Word for word, restate the lines of the listing below from the line with "Federal and provincial" through the line with "Enhance your photography", and do not include the pictures.

◆ Entries provided:
[Start of section]
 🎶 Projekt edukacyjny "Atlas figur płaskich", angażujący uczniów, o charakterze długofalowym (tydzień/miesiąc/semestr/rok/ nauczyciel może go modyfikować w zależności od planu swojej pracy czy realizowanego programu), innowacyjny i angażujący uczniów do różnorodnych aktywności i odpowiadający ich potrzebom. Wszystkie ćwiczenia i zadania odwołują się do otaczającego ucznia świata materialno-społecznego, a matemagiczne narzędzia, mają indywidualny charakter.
[End of section]
[Start of section]
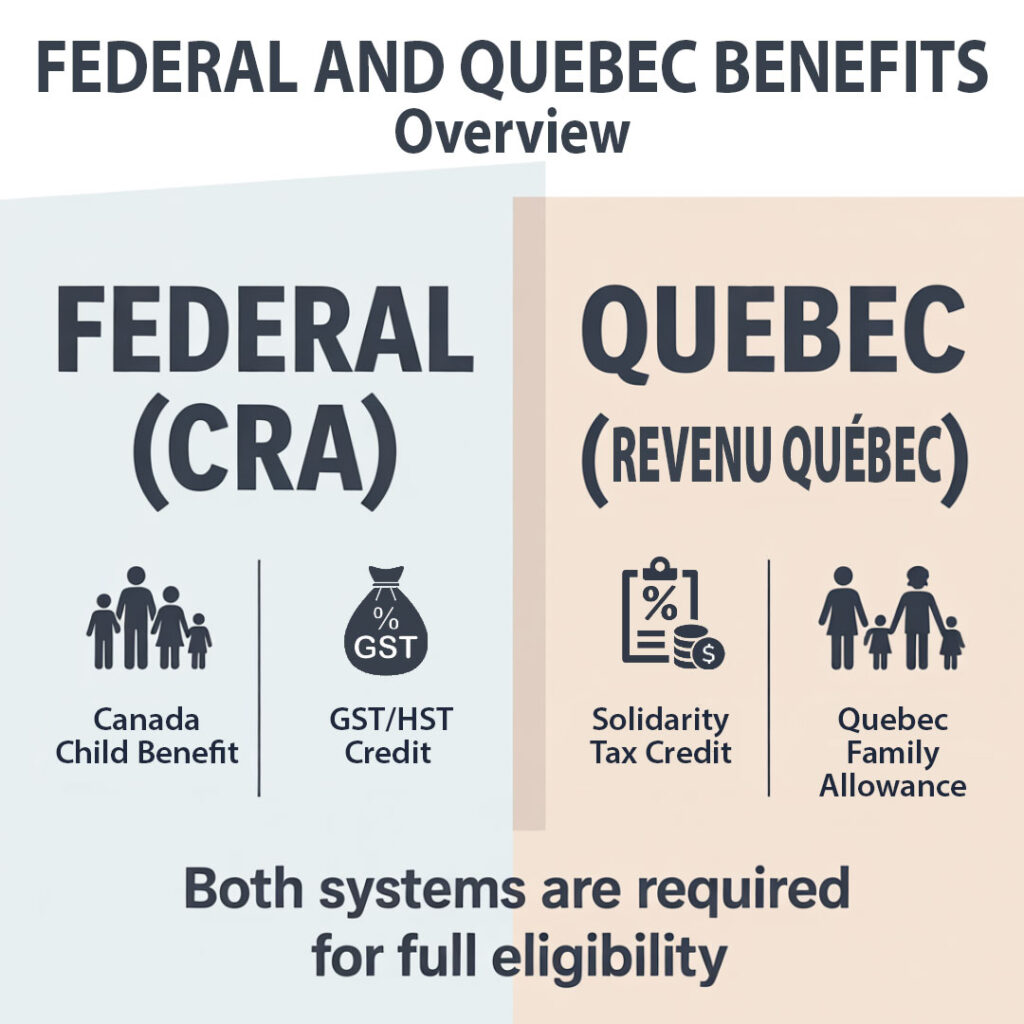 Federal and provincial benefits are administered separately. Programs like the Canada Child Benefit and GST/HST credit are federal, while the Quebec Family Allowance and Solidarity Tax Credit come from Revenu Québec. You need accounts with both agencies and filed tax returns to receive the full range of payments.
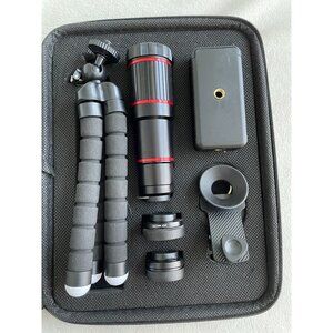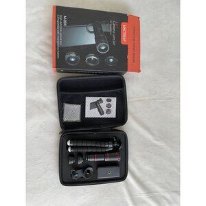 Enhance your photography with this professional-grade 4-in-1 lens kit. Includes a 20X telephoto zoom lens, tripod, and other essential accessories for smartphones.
[End of section]
◆ The completed task:
 Federal and provincial benefits are administered separately. Programs like the Canada Child Benefit and GST/HST credit are federal, while the Quebec Family Allowance and Solidarity Tax Credit come from Revenu Québec. You need accounts with both agencies and filed tax returns to receive the full range of payments.
 Enhance your photography with this professional-grade 4-in-1 lens kit. Includes a 20X telephoto zoom lens, tripod, and other essential accessories for smartphones.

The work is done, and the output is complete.